Roma, 5 apr – Le colpe dei genitori, si sa, ricadono sui figli. Chissà che tipo di parenti sono, ad esempio, quelli che hanno generato la vita del giovane Simone: parliamo dell’adolescente – nuovo teen-feticcio della sinistra subito vampirizzato dai media allineati – sotto le luci dei riflettori dopo la sua ciancicante analisi della bomba sociale scoppiata a Torre Maura nei giorni scorsi. “A me ‘sto fatto che bisogna andare sempre contro la minoranza non sta bene. Nun me sta bene che no. Siamo sessanta milioni e non ci possono creare problemi settanta zingari“. Se la riflessione è questa, possiamo tranquillamente affermare che la sinistra è ripartita da Simone ed è ritornata subito ai box di partenza. Messo sul piedistallo dalla Raggi – a cui non è parso vero di nascondere le mancanze della propria amministrazione dietro al nuovo cagnolino da salotto – coccolato da Mentana e compagnia sbufalante, il ragazzo è l’ultimo capitolo della saga “adolescenti qualunquisti cannibalizzati dai radical chic“.

La famiglia

Ma in che tipo di l’ambiente famigliare è cresciuto il giovane studente incappucciato? Repubblica riferisce che la madre di Simone è comasca, dal 1997 vive a Roma, dal 2003 a Torre Maura. Il padre invece è una figura molto più interessante: romano, ha lavorato per sedici anni ai call center Almaviva, poi licenziato “grazie al Jobs Act della sinistra riformista”. Confessa di avere un passato in organizzazioni marxiste-leniniste, ma ci tiene a precisare che “Simone ha fatto tutto da solo, è andato alla manifestazione perché è intelligente, profondo e ha vissuto i comizi dei fascisti come un’intrusione, un’invasione”. Anche se poi, subito dopo, specifica di avere insegnato ai figli “che un solo bambino che rischia la vita su un barcone giustifica l’intera accoglienza ai migranti“, infarcendoli, quindi, della propaganda autorazzista più becera e cialtrona.
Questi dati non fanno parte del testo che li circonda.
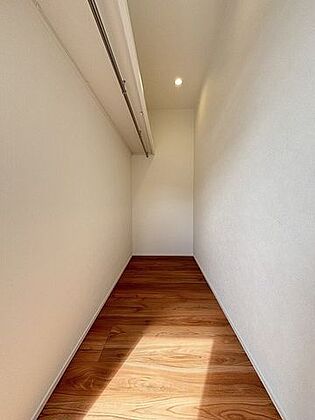 ウォークinクローゼットです♪棚とハンガーパイプが設置され収納しやすく、大きな荷物も収納できます!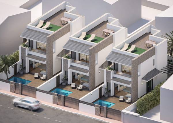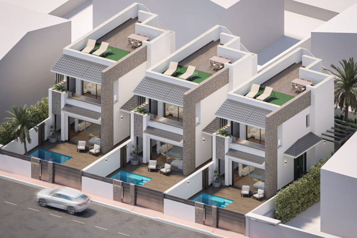 Gelegen in de charmante plaats San Pedro del Pinatar, bieden deze rijtjeshuizen een unieke kans om te genieten van het leven aan de kust. Met een modern en functioneel ontwerp is elke woning ontworpen om het comfort en gemak van de bewoners te maximaliseren. De nabijheid van de zee, op slechts 3 km, maakt het mogelijk om te genieten van de zeebries en aangename strandwandelingen. Bovendien ligt de luchthaven op slechts 8 km afstand, wat de toegang en mobiliteit vergemakkelijkt. Deze set van drie rijtjeshuizen valt op door zijn strategische locatie, ideaal voor degenen die een rustige omgeving zoeken zonder stedelijke gemakken op te geven.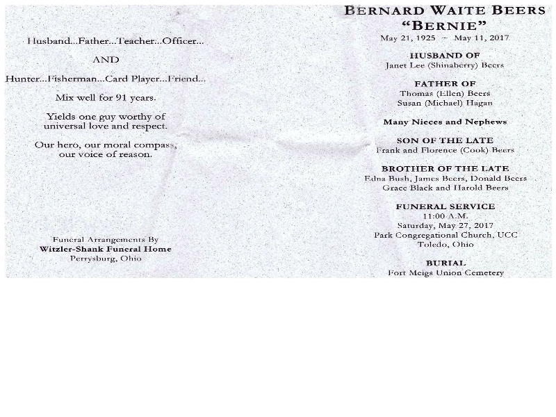 Beers, Bernard - Obituary, Witzler Shank Funeral Home, Perrysburg, OH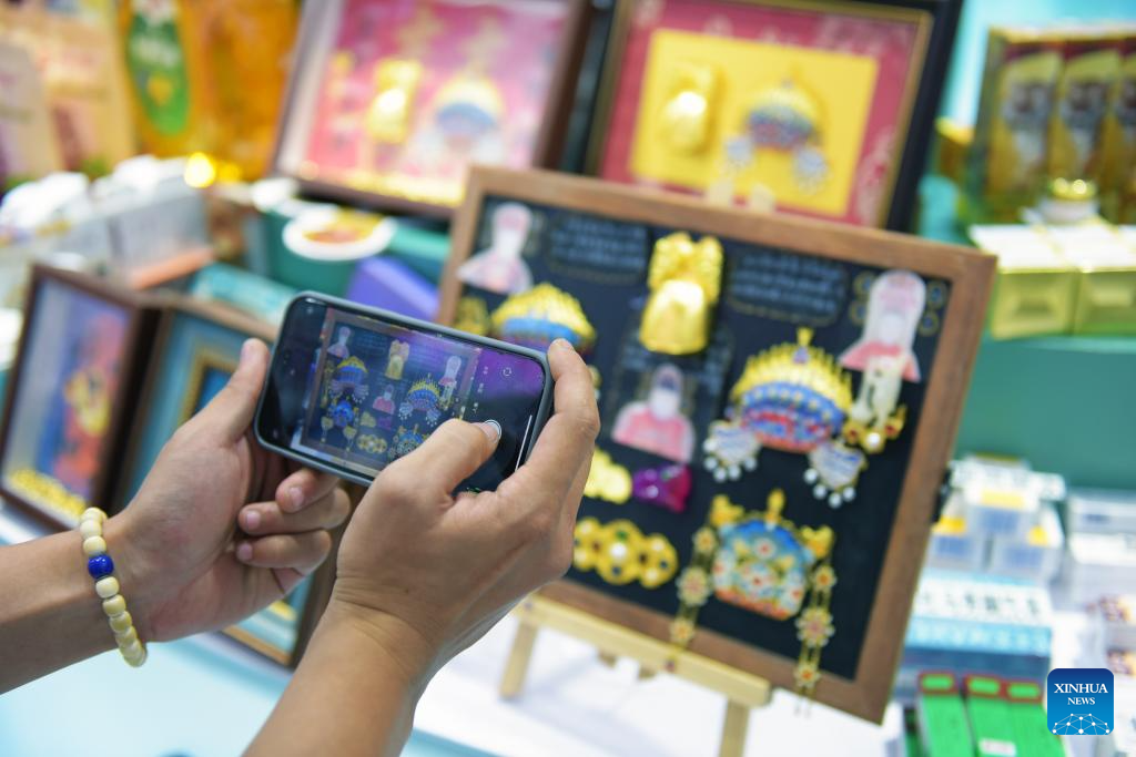 People take pictures of cultural and creative products displayed at the 2025 China International Fair for Trade in Services (CIFTIS) in Beijing, capital of China, Sept. 12, 2025. The 2025 CIFTIS is held from Sept. 10 to 14 at the Shougang Park in Beijing. This year's fair features a wide range of cultural and creative products, which are highly popular among visitors. (Xinhua/Zhang Xinjing)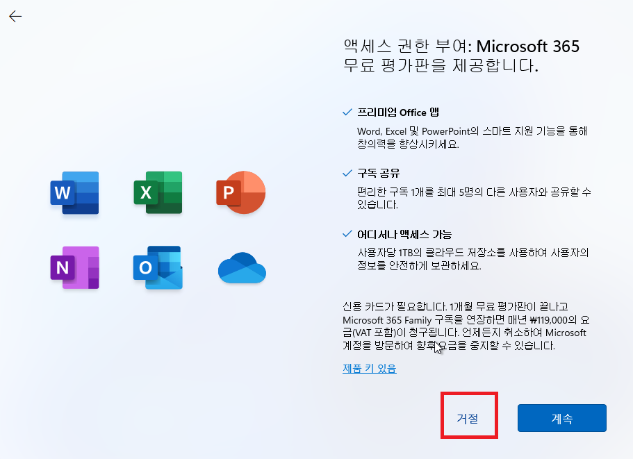 인증키 있다면 입력, 없다면 제품 키가 없음 선택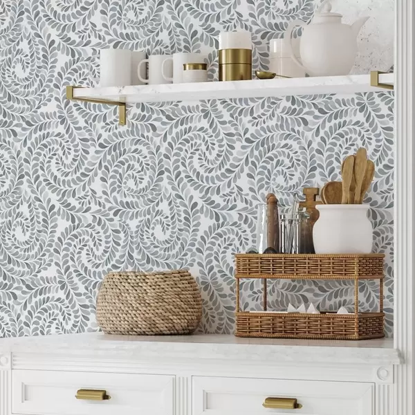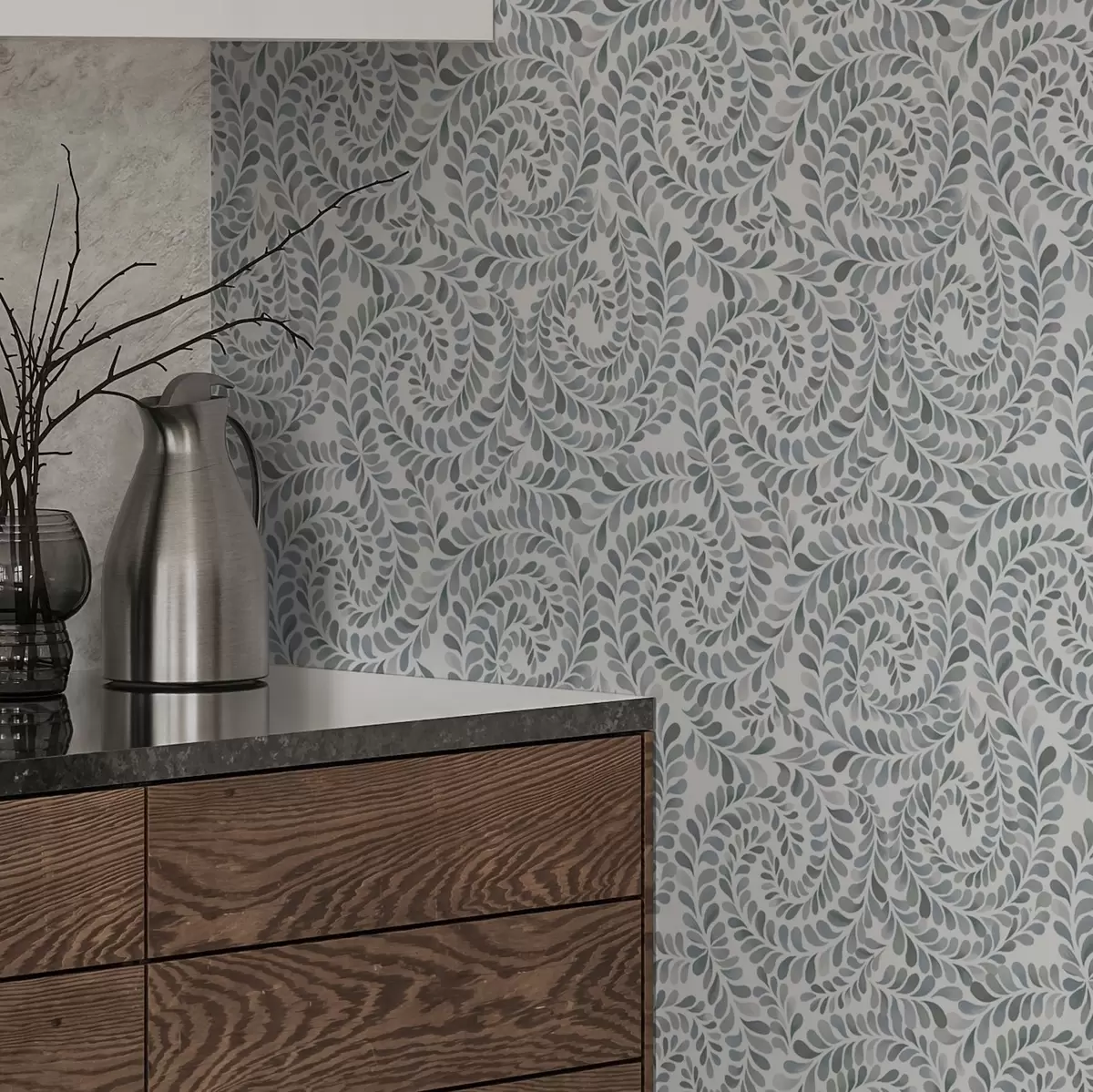 Carta da parati Spirali fogliari nei toni freddi del grigio-blu Nr. a00602v1

Sul Fatto Quotidiano, invece, si dice contento del fatto che la sua idea “abbia visibilità”, a patto che non venga “strumentalizzato”: ma è arrivato un po’ troppo tardi su questo punto, perché i media progressisti si sono avventati sull’immagine di suo figlio già qualche minuto dopo la diffusione del video. “Da me ha sempre avuto un’informazione che va oltre i media tradizionali e la politica in generale. Soprattutto ho cercato di insegnargli a riflettere. E lo ha dimostrato lasciando senza parole il suo interlocutore.” Il che, lo sappiamo, non corrisponde esattamente a verità.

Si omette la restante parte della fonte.